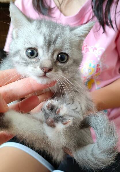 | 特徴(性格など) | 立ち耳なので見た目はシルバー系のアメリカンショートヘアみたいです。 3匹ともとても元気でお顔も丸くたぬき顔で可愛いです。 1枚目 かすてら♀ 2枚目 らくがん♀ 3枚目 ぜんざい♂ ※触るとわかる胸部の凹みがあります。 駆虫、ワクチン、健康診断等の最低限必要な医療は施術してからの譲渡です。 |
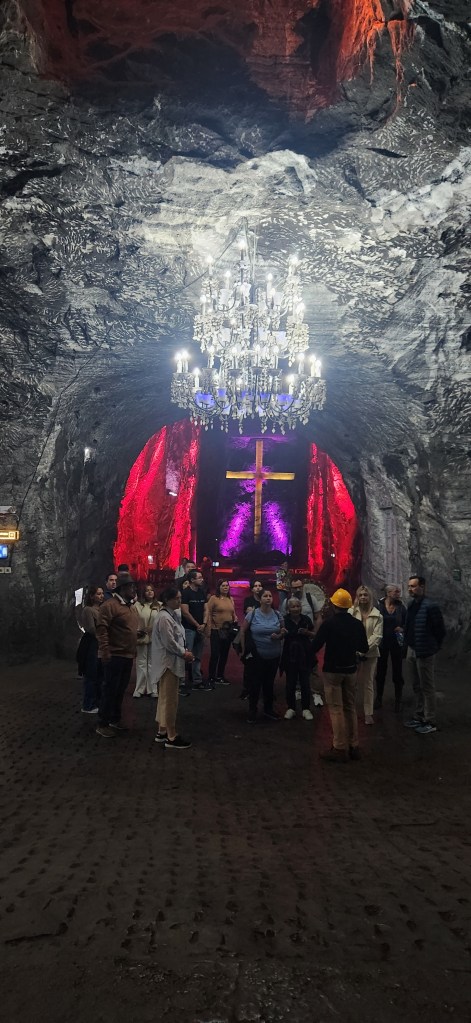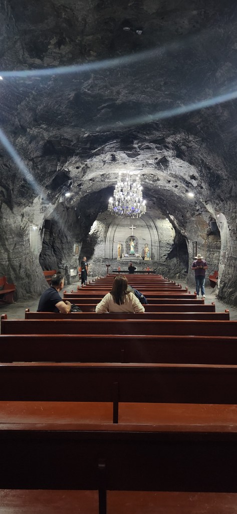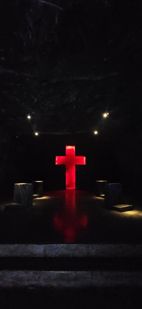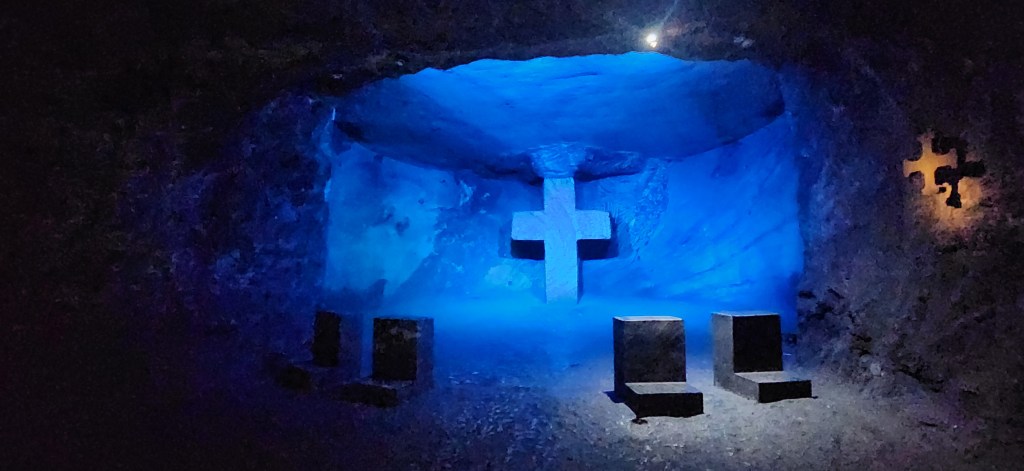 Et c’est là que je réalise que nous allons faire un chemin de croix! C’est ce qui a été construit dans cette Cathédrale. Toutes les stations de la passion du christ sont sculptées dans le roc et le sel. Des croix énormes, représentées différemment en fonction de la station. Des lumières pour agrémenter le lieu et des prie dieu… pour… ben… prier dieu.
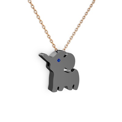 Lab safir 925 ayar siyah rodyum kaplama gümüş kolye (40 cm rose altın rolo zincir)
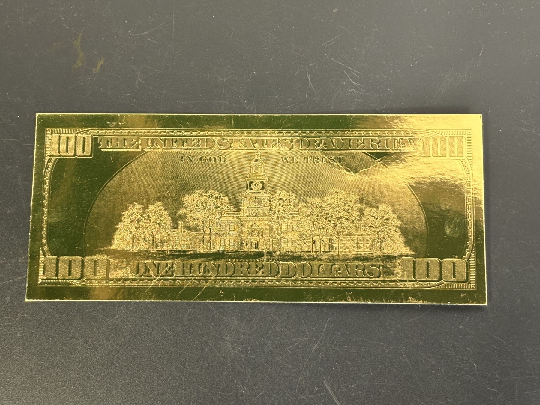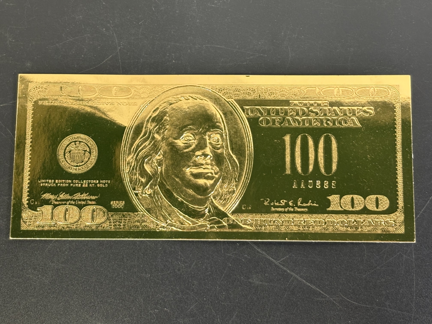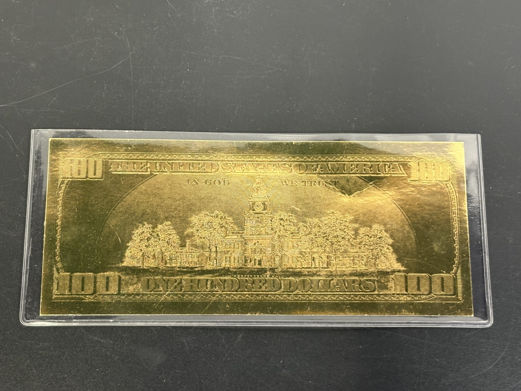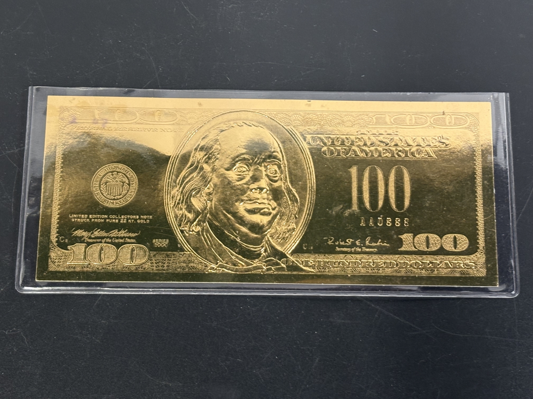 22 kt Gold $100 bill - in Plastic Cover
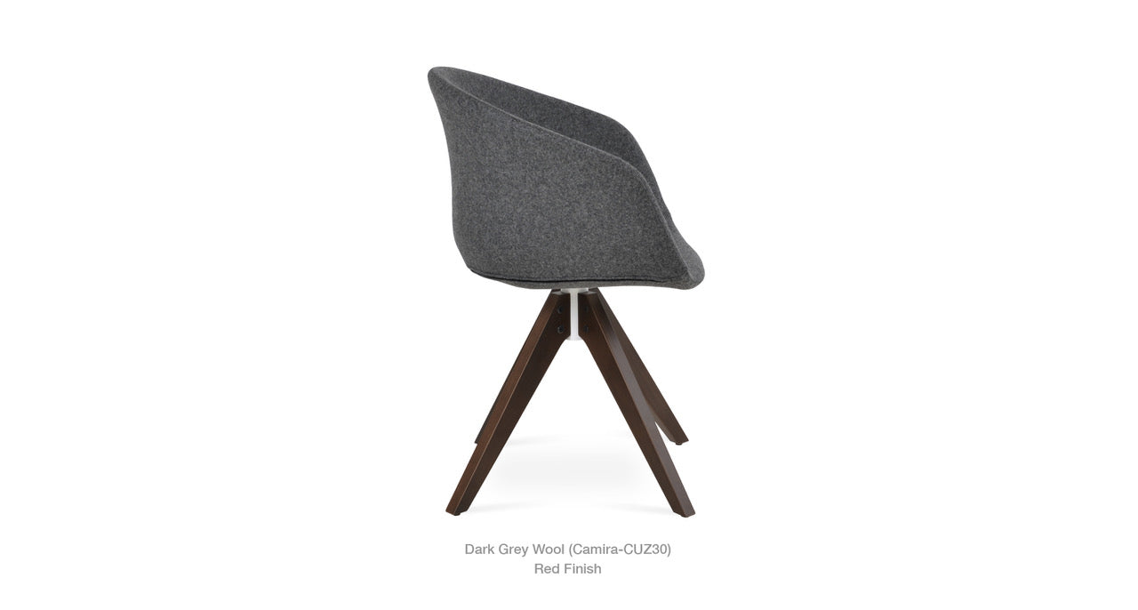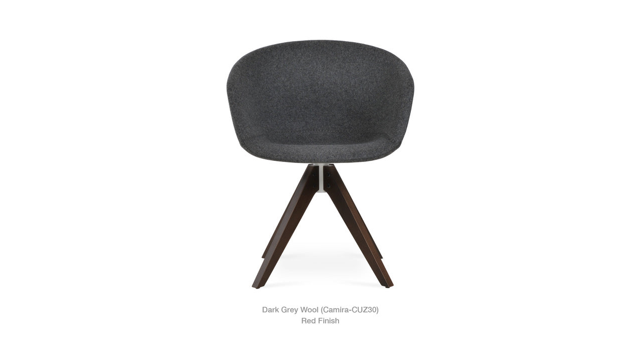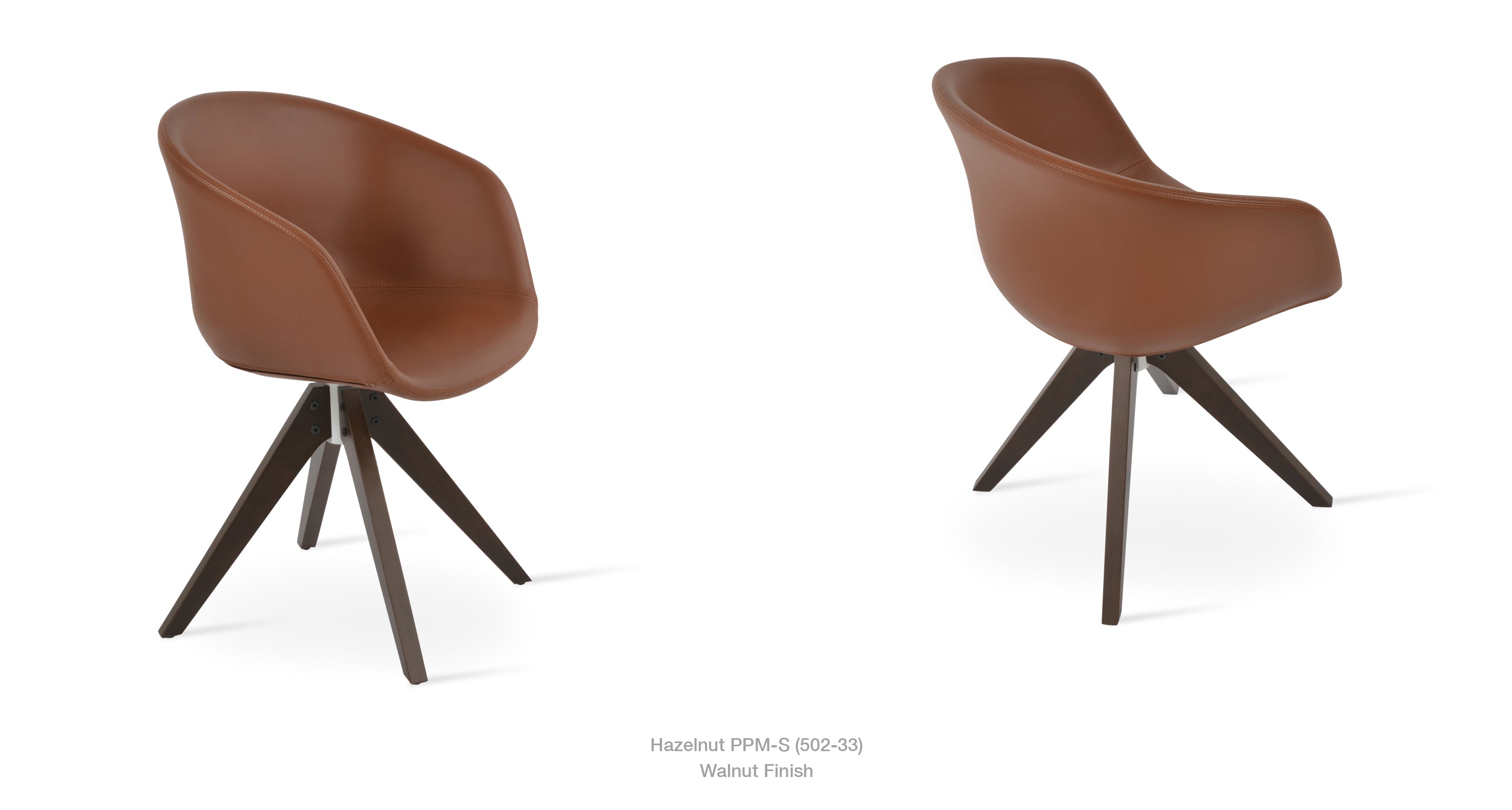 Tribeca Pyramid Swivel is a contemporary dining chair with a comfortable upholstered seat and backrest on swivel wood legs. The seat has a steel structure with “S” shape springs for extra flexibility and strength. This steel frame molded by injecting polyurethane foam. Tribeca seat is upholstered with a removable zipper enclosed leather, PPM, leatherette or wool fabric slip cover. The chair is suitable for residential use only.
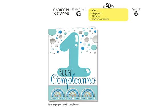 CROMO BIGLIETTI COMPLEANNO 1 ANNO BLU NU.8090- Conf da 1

☆ ☆ ☆

▶ **What is needed**: When you copy the records above, keep every word exact but leave out the pictures.

▶ **Reply**:
 | 特徴(性格など) | 立ち耳なので見た目はシルバー系のアメリカンショートヘアみたいです。 3匹ともとても元気でお顔も丸くたぬき顔で可愛いです。 1枚目 かすてら♀ 2枚目 らくがん♀ 3枚目 ぜんざい♂ ※触るとわかる胸部の凹みがあります。 駆虫、ワクチン、健康診断等の最低限必要な医療は施術してからの譲渡です。 |
 Et c’est là que je réalise que nous allons faire un chemin de croix! C’est ce qui a été construit dans cette Cathédrale. Toutes les stations de la passion du christ sont sculptées dans le roc et le sel. Des croix énormes, représentées différemment en fonction de la station. Des lumières pour agrémenter le lieu et des prie dieu… pour… ben… prier dieu.
 Lab safir 925 ayar siyah rodyum kaplama gümüş kolye (40 cm rose altın rolo zincir)
 22 kt Gold $100 bill - in Plastic Cover
 Tribeca Pyramid Swivel is a contemporary dining chair with a comfortable upholstered seat and backrest on swivel wood legs. The seat has a steel structure with “S” shape springs for extra flexibility and strength. This steel frame molded by injecting polyurethane foam. Tribeca seat is upholstered with a removable zipper enclosed leather, PPM, leatherette or wool fabric slip cover. The chair is suitable for residential use only.
 CROMO BIGLIETTI COMPLEANNO 1 ANNO BLU NU.8090- Conf da 1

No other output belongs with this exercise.